Israeli air defences intercepted three waves of Iranian missile fire early Thursday, resulting in several light injuries in the Tel Aviv area.
There is a fence across this road of modern diplomacy: the one that says, “If you do not like a custom, tear it down and build something better.” The modern man sees it as a barrier to progress; the wiser man sees it as the only thing keeping progress from tearing down the world. Let us stand before this fence and ask, not whether it is old, but why it was built in the first place.
We have just witnessed a night in Tel Aviv where missiles - three waves of them - were met by air defences, and light injuries followed. The experts, in their wisdom, have already drawn their conclusions: deterrence is failing, alliances are fraying, the old order is crumbling, and someone must do something. What they mean by “do something” is almost always: remove the fence. Remove the old boundaries, the old alliances, the old rituals of retaliation and restraint. They propose to tear down the fence of mutual deterrence, the fence of proportional response, the fence of “we do not strike unless struck” - and in its place, they would erect something rational, something efficient, something that makes sense to people who have studied international relations at Oxford and forgotten why people need peace at all.

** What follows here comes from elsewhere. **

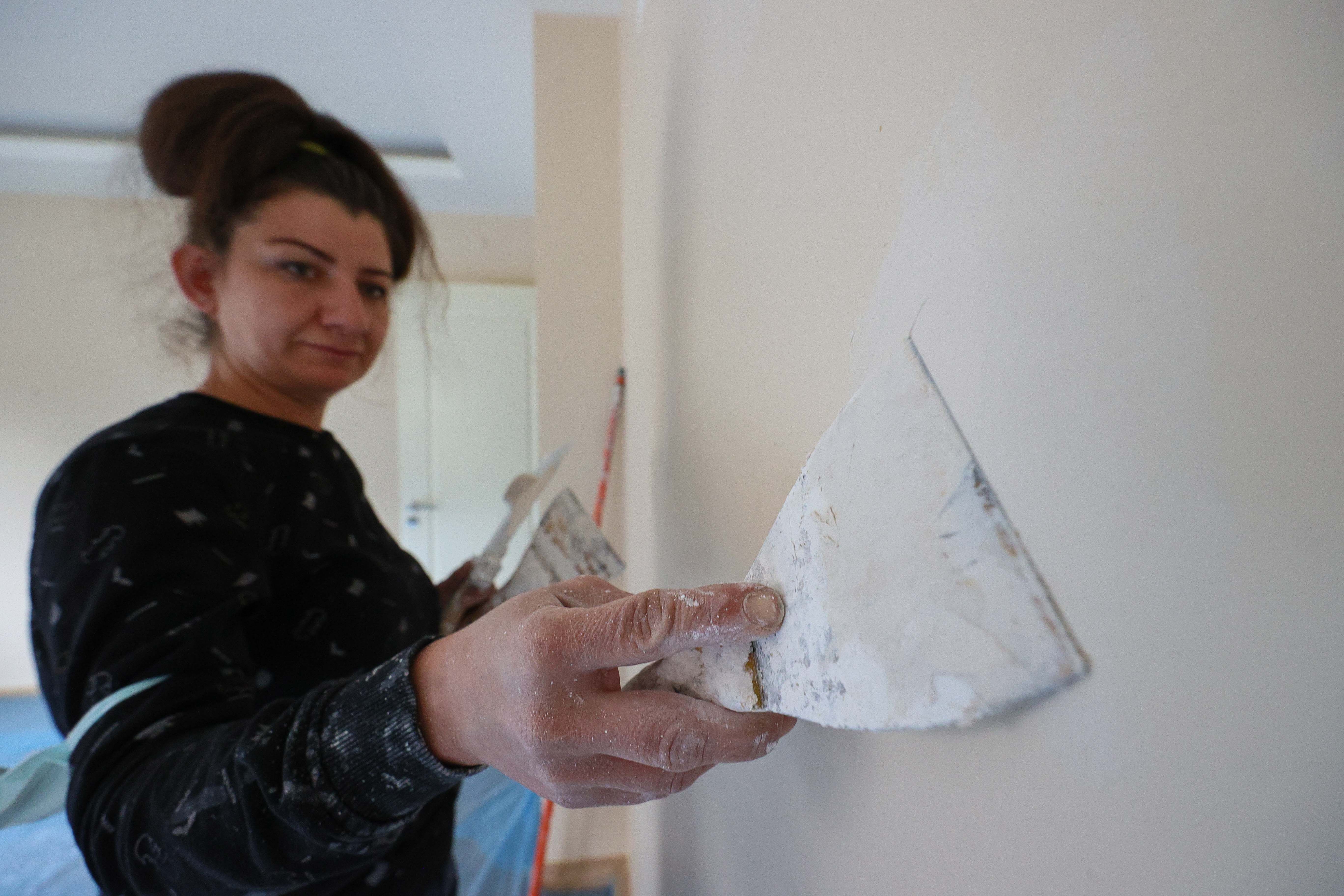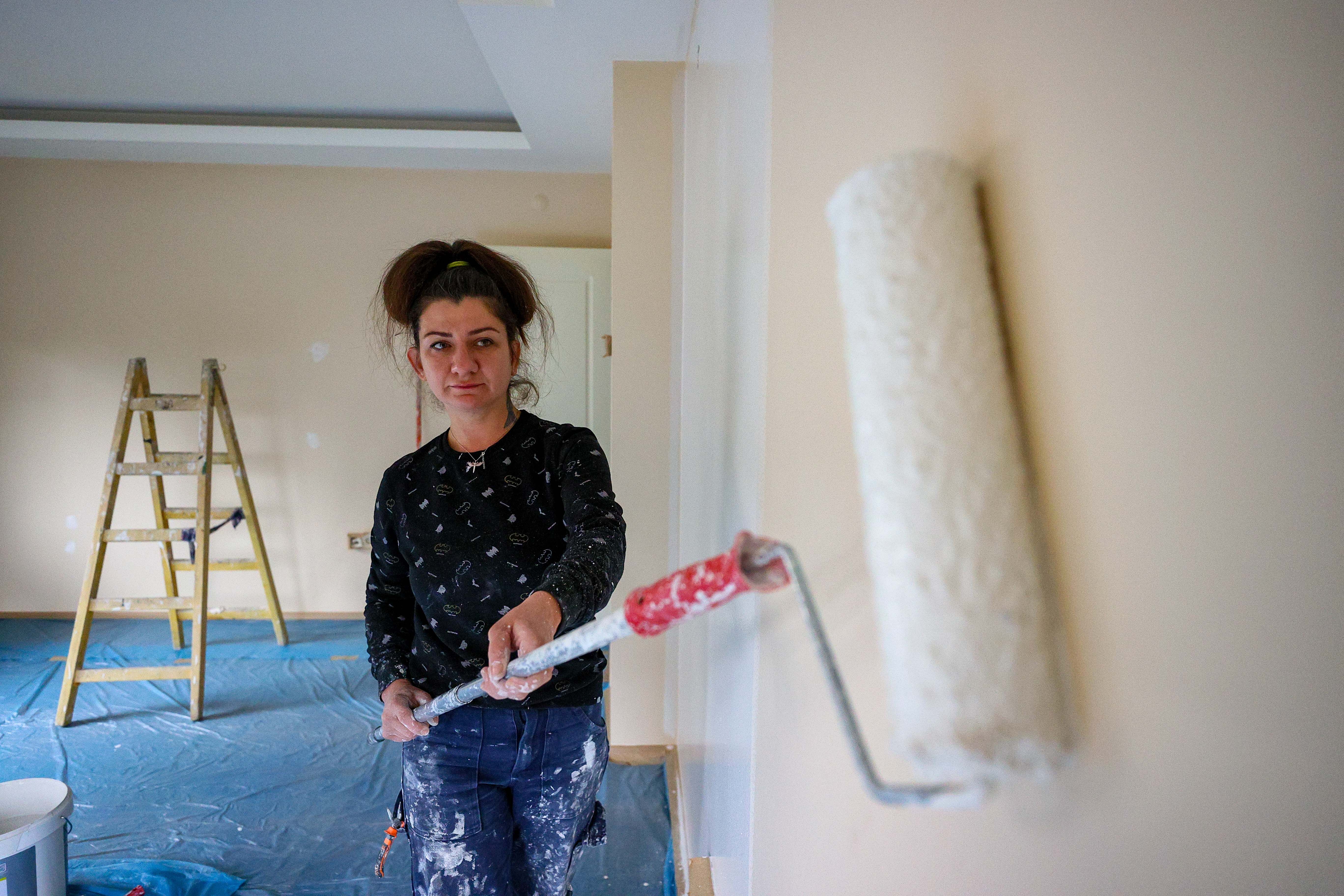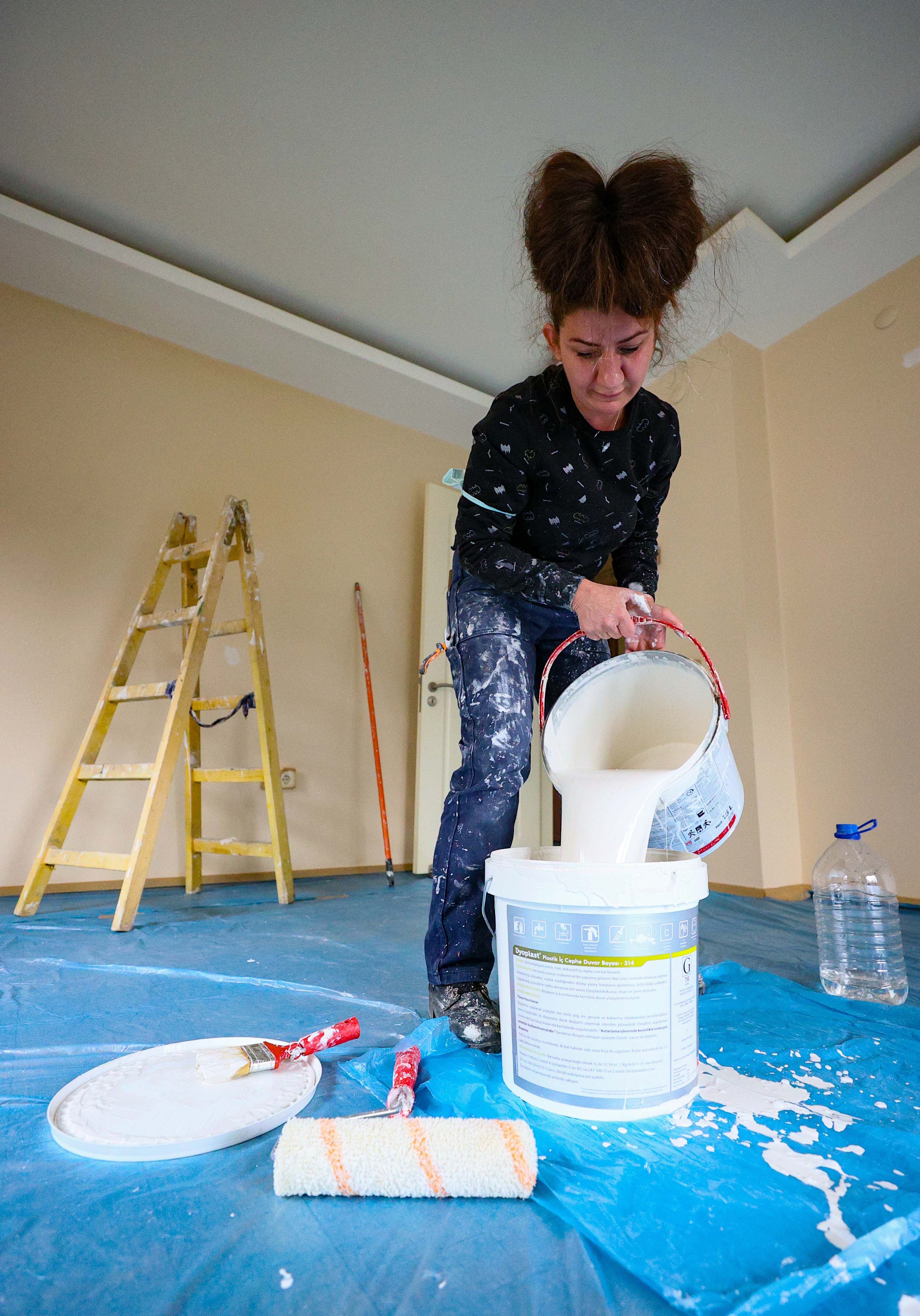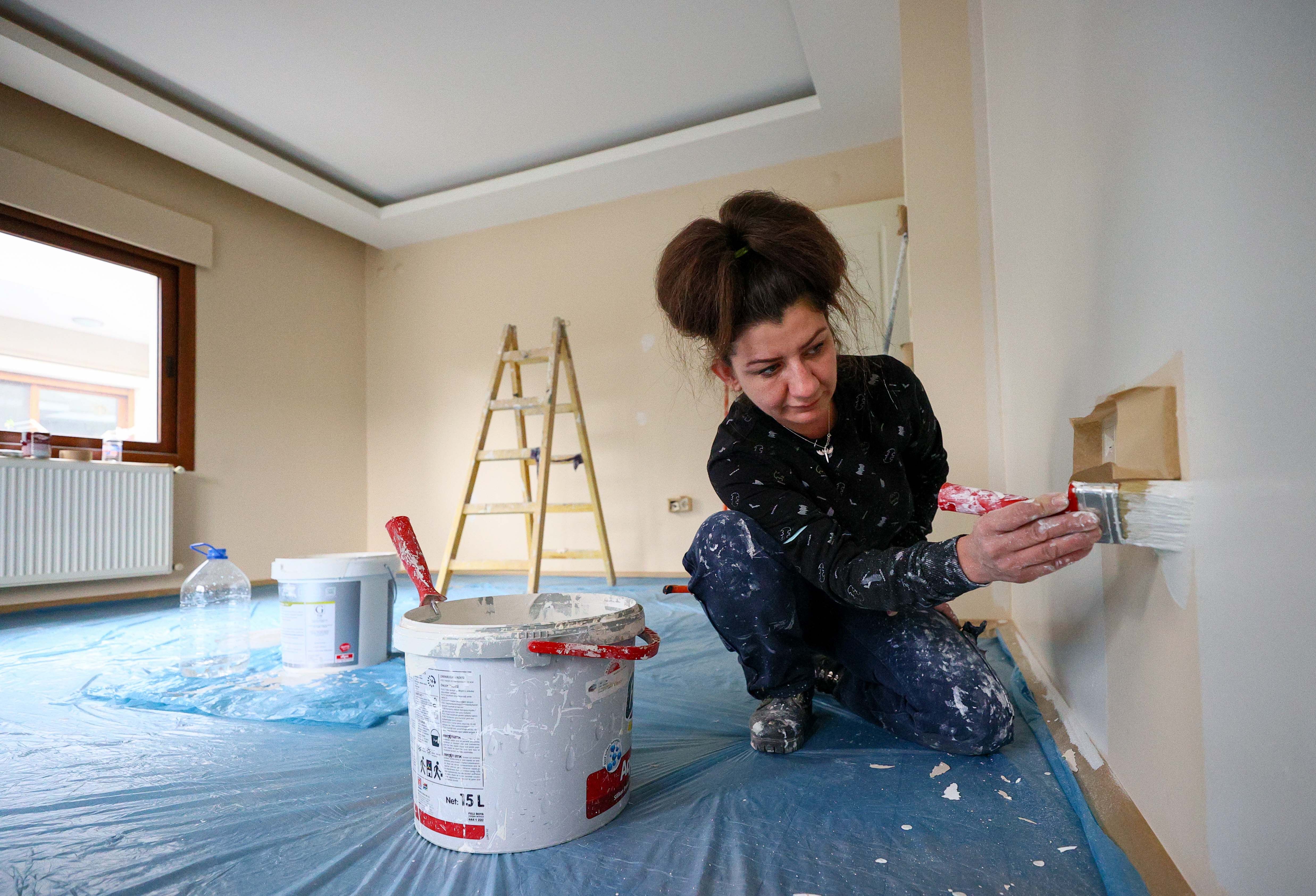 İzmir'de yıllarca farklı iş kollarında çalışan 44 yaşındaki Seda Korkmaz, son 4 yıldır boya badana ustalığıyla geçimini sağlıyor.

But let us pause. Why was that fence built? Not because nations are naturally warlike - though some are - but because nations are naturally suspicious. And suspicion, when untempered by trust, becomes fear. And fear, when untempered by ritual, becomes action. The fence of deterrence was built not to prevent all war, but to prevent premature war - to give time for reason to return, for the first missile to be followed by a pause, for the pause to be filled not with panic but with consultation. It was built because history had shown, again and again, that the first impulse of a wronged power is rarely the wisest. The fence keeps the first missile from becoming the first catastrophe.
The American President gave a speech, and then missiles flew. This is not a sign that diplomacy is obsolete - it is a sign that diplomacy works as intended: it creates the conditions where a response can be measured, not impulsive. The fence is not in the way of peace - it is the very structure that makes measured peace possible. To tear it down is not to embrace hope, but to surrender the only thing that has ever kept hope alive: the belief that a pause is better than a panic, and that time, however slow, is the only true ally of reason.
The clever man says, “Why not just trust each other?” The wiser man says, “Because trust is not built by decree - it is built by the slow, painful, fence-by-fence construction of reliability.” And if you remove the fence before you understand why it stands, you will not find trust - you will find only the silence after the last missile has fallen, and no one left to hear it.